The results were gorgeous compared to anything that came before it. Much more lifelike.
But there was still no intonation. Changing pitch, volume, and a few other tonal things was possible then and is even easier now. But intonation is HARD.
To create intonation you need extensive rules on which tones to use when. You might think this is easy (just like you might think my other job, writing the rules for text-to-speech that translated written words into lists of phonemes, was easy) but you'd be wrong. It's hard for humans speaking a second language to get right and it's insanely hard for computers.

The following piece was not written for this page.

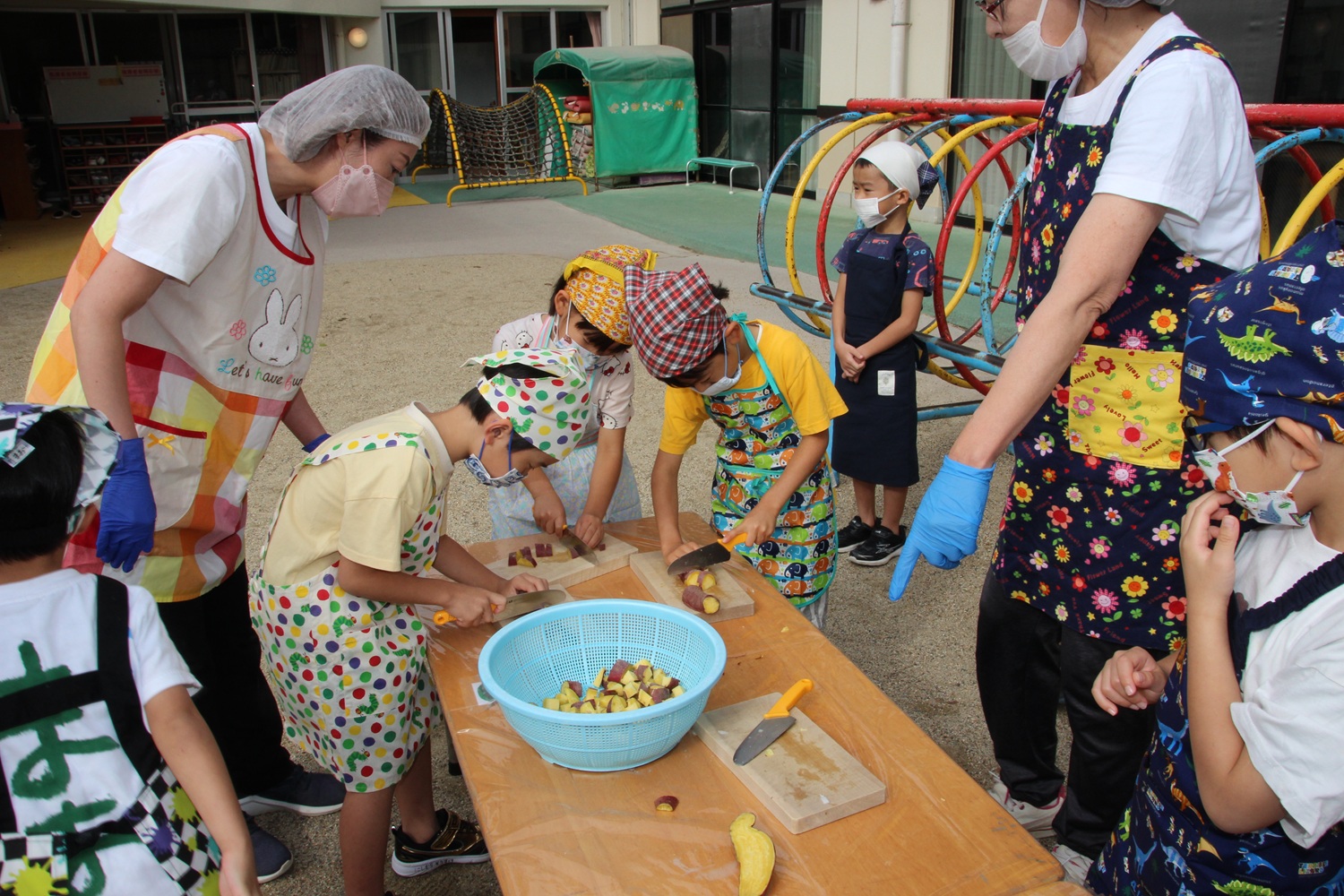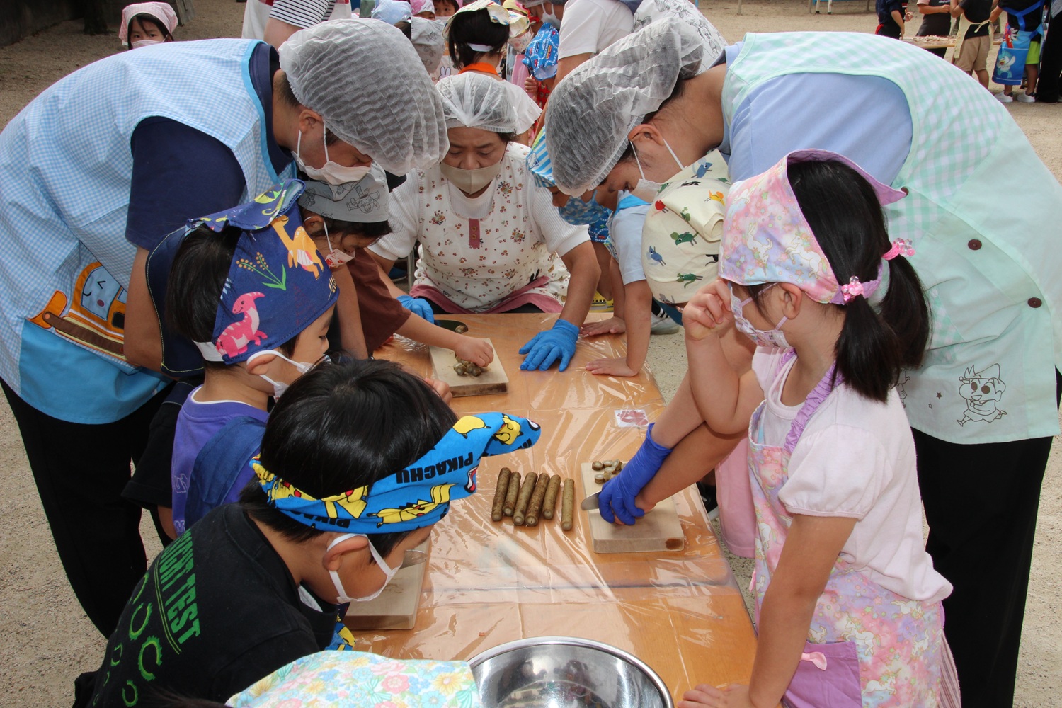 ゆり組は油揚げ・白ねぎ・たまねぎ・さつま芋を切りました。(硬い野菜は給食室で少し柔らかくして切りやすくしてもらいました)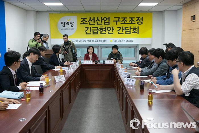 (서울=포커스뉴스) 심상정(정면 왼쪽) 정의당 대표가 27일 오후 서울 여의도 국회 의원회관에서 조선업종 구조조정 긴급현안 간담회에 참석해, 김상구(정면 오른쪽) 민주노총 금속노조 위원장의 모두발언을 경청하고 있다.

But that was over 30 years ago. All that stuff I did by hand is now partially or completely automated. It's easier now than before. But it's still not easy. I mean have you heard an electronic voice that does intonation well? Siri? Alexa? Yeah no. At best you get a rising tone for questions.
Take all this into the near future and, sure, it's gonna happen. Already the electronic voices are worlds better than what I was working on, and that was lightyears ahead of what was out there. Electronic voices are used every day now and it's just going to increase. There are entire companies (and departments of larger companies) working on these problems.
You have two differences from what I was talking about.
- Your electronic speakers may be intelligent. In that case, you don't need software to determine which phonemes to use or which tonal variations.
- You're stuck with Victorian-level tech.
It's unclear to me if your "mechanical semi-humanoid automata" are indeed intelligent. If not, they need to be programed in some manner. Even if it's just setting keys to utter various phonemes. You still need to have a way for the brains of the machines, or the programming, to transfer to the "mouths." This is really hard for that era.
If you use artificial mouths to articulate sounds, you'll need to break down every phoneme into its component parts. These are:
- Voiced or unvoiced (if the vocal folds vibrate during the sound).
- Position of the tongue and/or lips. For consonants there are just a few choices but vowels are very complex and some vowels require movement of the tongue in a particular way.
- Method of articulation (stop, fricative, liquid, etc).
Then you need to pump air through the entire mechanism and somehow get everything to coordinate. Seriously, something like this would take a long time to build. And that's only for the version that takes 3 seconds to say every word.
If you use an electronic voice, you'll need to have a stored inventory of phonemes (or the cut phoneme pairs like I describe above). With modern computers you can use electronically generated sounds, but it's the same basic idea: create a string of sounds that come together as words.
English vs non-English? Easy peasy. That's just about which phonemes and/or phoneme pairs you have in your database.
Can you change volume or pitch? Maybe. It can be done mechanically, but you need to either have a human do this, an intelligent machine, or figure out some way to program it.
How about intonation? No. Freaking. Way. If only the rudiments of intonation can be done with modern technology, it's not going to happen with Victorian-era tech.
[Intonation is] extraordinarily complex. "Although intonation is
primarily a matter of pitch variation, it is important to be aware
that functions attributed to intonation such as the expression of
attitudes and emotions, or highlighting aspects of grammatical
structure, almost always involve concomitant variation in other
prosodic features. David Crystal for example says that "intonation is
not a single system of contours and levels, but the product of the
interaction of features from different prosodic systems – tone,
pitch-range, loudness, rhythmicality and tempo in particular." (ref)
What if controlling the machine was really not an issue?
The OP claims this but it really depends on the frame of the question. How much handwaving and "alien tech" is there? Even with "software" that's really an intelligent brain able to produce perfect control, you're still dealing with the slowness of Victorian-era machines. If everything is truly built locally, I don't see any way that speech can be a normal speed, let alone have all these nuances.
With 44 phonemes in English (Ju|’hoan has about 130) and hundreds to account for all the world's languages, the database of recordings alone would take up too much space, even if done very small and even if you could build the tiny player & a machine to move it around. And that's assuming that you only record phonemes, not the edited combinations that will give you much smoother and better results.